**Directions:**
The answer is the line containing "Anki GneibThe lounge" plus every line after it to the end of the material, retyped exactly and without the pictures.

- - - - -

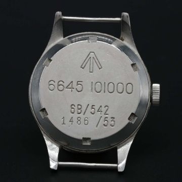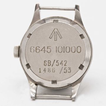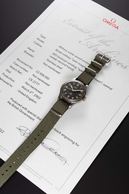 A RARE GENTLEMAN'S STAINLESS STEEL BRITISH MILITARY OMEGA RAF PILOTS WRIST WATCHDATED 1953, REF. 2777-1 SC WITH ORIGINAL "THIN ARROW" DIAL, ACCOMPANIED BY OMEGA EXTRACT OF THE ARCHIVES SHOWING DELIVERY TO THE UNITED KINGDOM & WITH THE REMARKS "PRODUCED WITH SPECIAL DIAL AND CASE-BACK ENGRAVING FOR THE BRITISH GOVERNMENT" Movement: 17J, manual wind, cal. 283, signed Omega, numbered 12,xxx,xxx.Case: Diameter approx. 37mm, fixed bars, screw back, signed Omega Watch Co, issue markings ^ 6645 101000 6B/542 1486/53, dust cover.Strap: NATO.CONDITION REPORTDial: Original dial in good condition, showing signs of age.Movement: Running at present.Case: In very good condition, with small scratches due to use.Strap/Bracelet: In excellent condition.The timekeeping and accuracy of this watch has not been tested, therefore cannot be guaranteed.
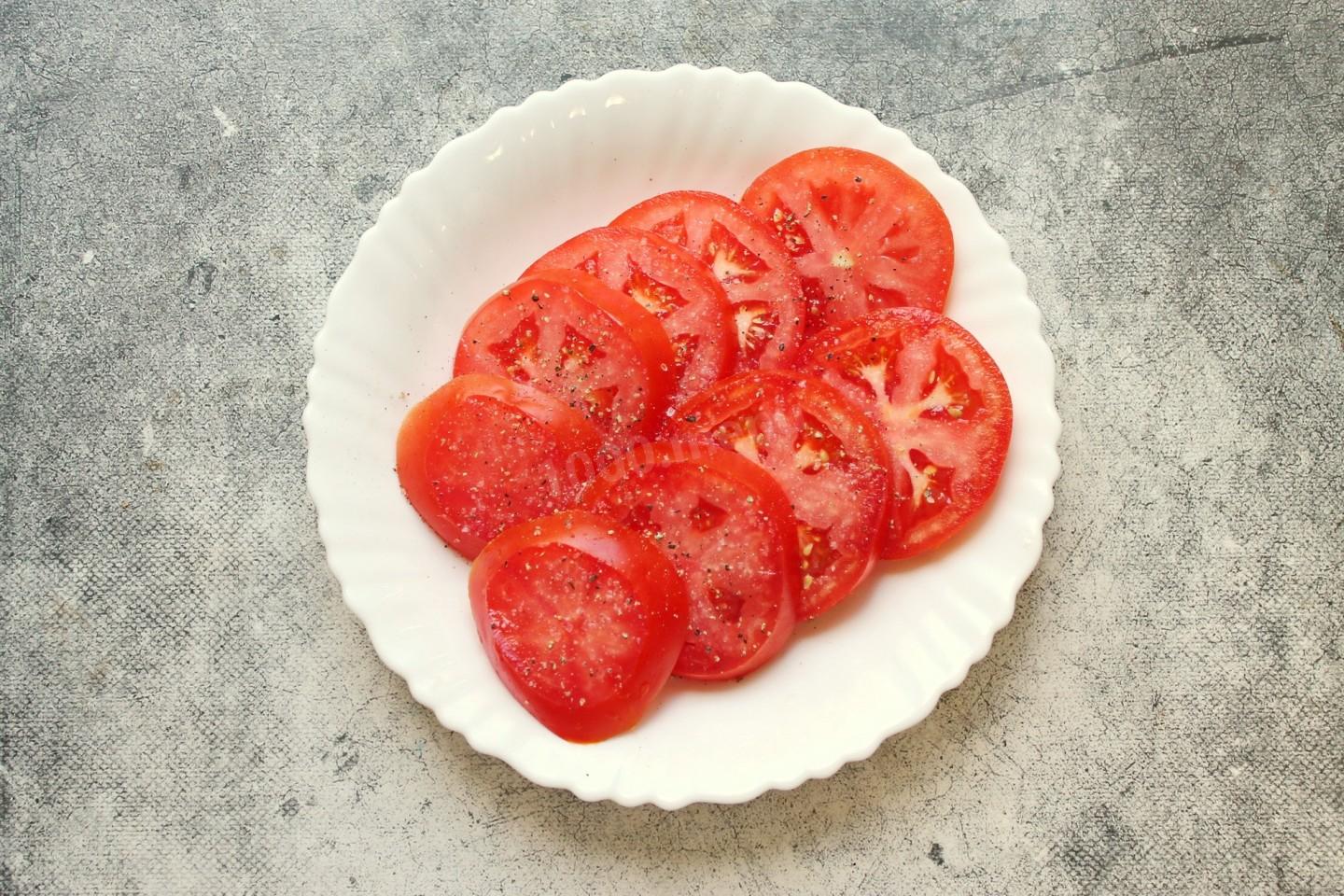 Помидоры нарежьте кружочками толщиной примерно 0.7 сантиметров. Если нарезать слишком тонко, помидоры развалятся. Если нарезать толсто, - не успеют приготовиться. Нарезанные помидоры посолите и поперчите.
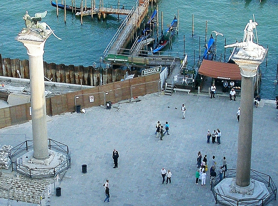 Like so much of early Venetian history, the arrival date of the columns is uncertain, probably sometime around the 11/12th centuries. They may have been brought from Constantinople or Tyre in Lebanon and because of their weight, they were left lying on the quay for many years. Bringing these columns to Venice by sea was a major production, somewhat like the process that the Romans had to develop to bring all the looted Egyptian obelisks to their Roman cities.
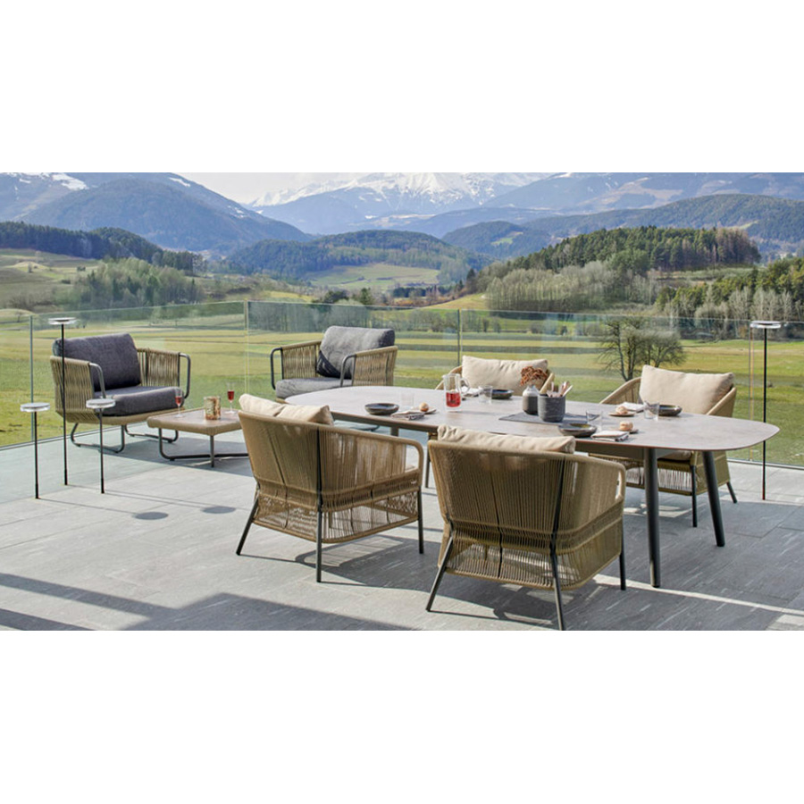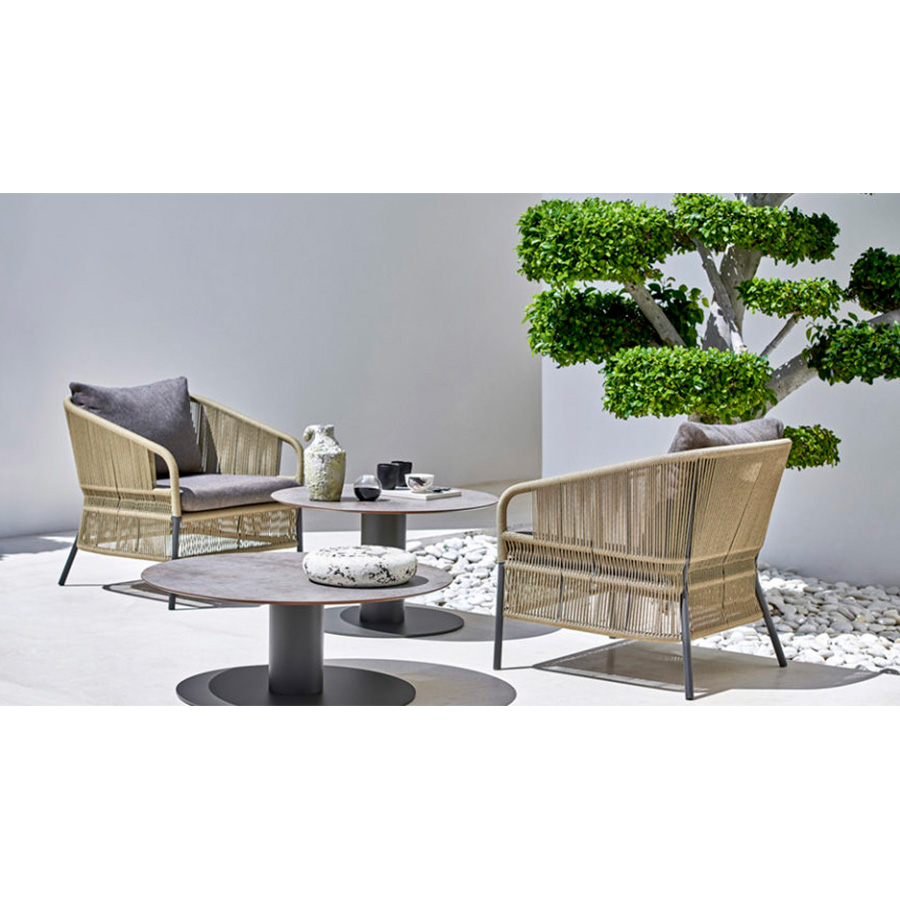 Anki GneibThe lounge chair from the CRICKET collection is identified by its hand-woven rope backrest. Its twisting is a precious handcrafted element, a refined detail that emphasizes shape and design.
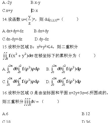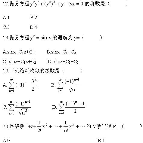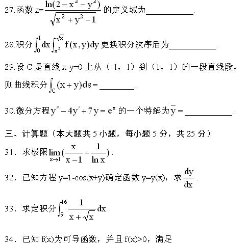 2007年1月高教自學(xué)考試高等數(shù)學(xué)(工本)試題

- - - - -

**Result for this task:**
 Anki GneibThe lounge chair from the CRICKET collection is identified by its hand-woven rope backrest. Its twisting is a precious handcrafted element, a refined detail that emphasizes shape and design.
 2007年1月高教自學(xué)考試高等數(shù)學(xué)(工本)試題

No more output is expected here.